Dual-Domain CLIP-Assisted Residual Optimization Perception Model for Metal Artifact Reduction
Xinrui Zhang, Ailong Cai, Shaoyu Wang, Linyuan Wang, Zhizhong Zheng, Lei Li, Bin Yan
TL;DR
This work tackles metal artifact reduction in CT by introducing DuDoCROP, a dual-domain perceptual framework that leverages a vision-language prior (DuDoCLIP) to guide dual-domain diffusion (IR-SDE) in both image and sinogram spaces. It couples a prompt-engineered DuDoCLIP with a two-stage pipeline: a DL-based prior generation stage that yields dual-domain priors, and a downstream residual optimization stage that enforces raw data fidelity and fuses priors for final reconstruction. A new perceptual indicator (PI) is proposed to quantify generalization across diverse metal morphologies, and extensive experiments on public and clinical data show superior perceptual and numerical performance over state-of-the-art MAR methods, with notable generalization to head and clinical datasets. The approach demonstrates that integrating visual-language semantic information with diffusion priors yields robust, artifact-aware restorations and highlights promising avenues for VLM-guided imaging tasks beyond MAR.
Abstract
Metal artifacts in computed tomography (CT) imaging pose significant challenges to accurate clinical diagnosis. The presence of high-density metallic implants results in artifacts that deteriorate image quality, manifesting in the forms of streaking, blurring, or beam hardening effects, etc.
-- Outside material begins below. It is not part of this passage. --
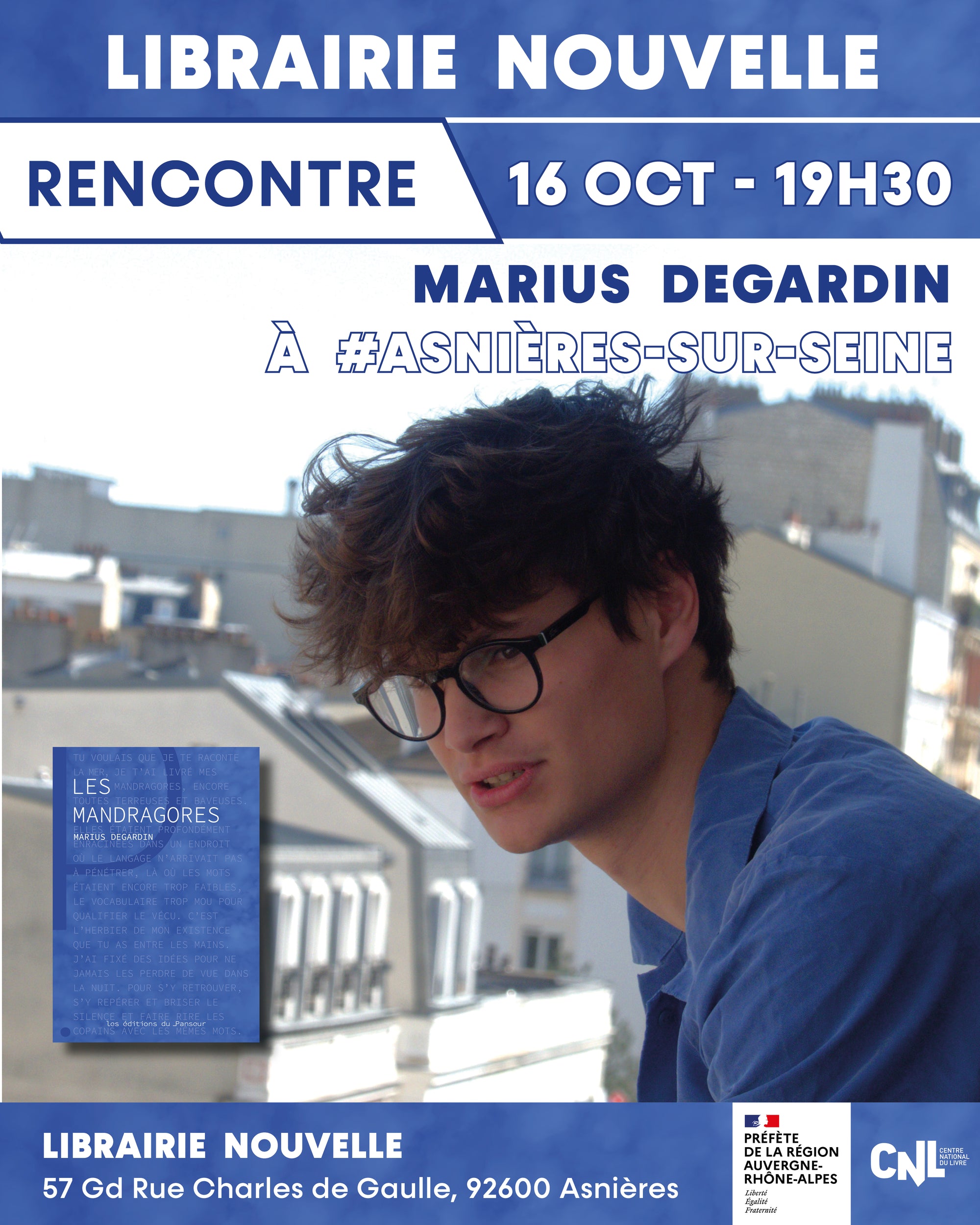 À 17 ans, Marius se lance dans l’écriture afin de mieux comprendre et surtout combattre ses idées noires qui deviendront Les Mandragores, son premier roman.

Nowadays, various deep learning-based approaches, particularly generative models, have been proposed for metal artifact reduction (MAR). However, these methods have limited perception ability in the diverse morphologies of different metal implants with artifacts, which may generate spurious anatomical structures and exhibit inferior generalization capability. To address the issues, we leverage visual-language model (VLM) to identify these morphological features and introduce them into a dual-domain CLIP-assisted residual optimization perception model (DuDoCROP) for MAR. Specifically, a dual-domain CLIP (DuDoCLIP) is fine-tuned on the image domain and sinogram domain using contrastive learning to extract semantic descriptions from anatomical structures and metal artifacts. Subsequently, a diffusion model is guided by the embeddings of DuDoCLIP, thereby enabling the dual-domain prior generation. Additionally, we design prompt engineering for more precise image-text descriptions that can enhance the model's perception capability. Then, a downstream task is devised for the one-step residual optimization and integration of dual-domain priors, while incorporating raw data fidelity. Ultimately, a new perceptual indicator is proposed to validate the model's perception and generation performance. With the assistance of DuDoCLIP, our DuDoCROP exhibits at least 63.7% higher generalization capability compared to the baseline model. Numerical experiments demonstrate that the proposed method can generate more realistic image structures and outperform other SOTA approaches both qualitatively and quantitatively.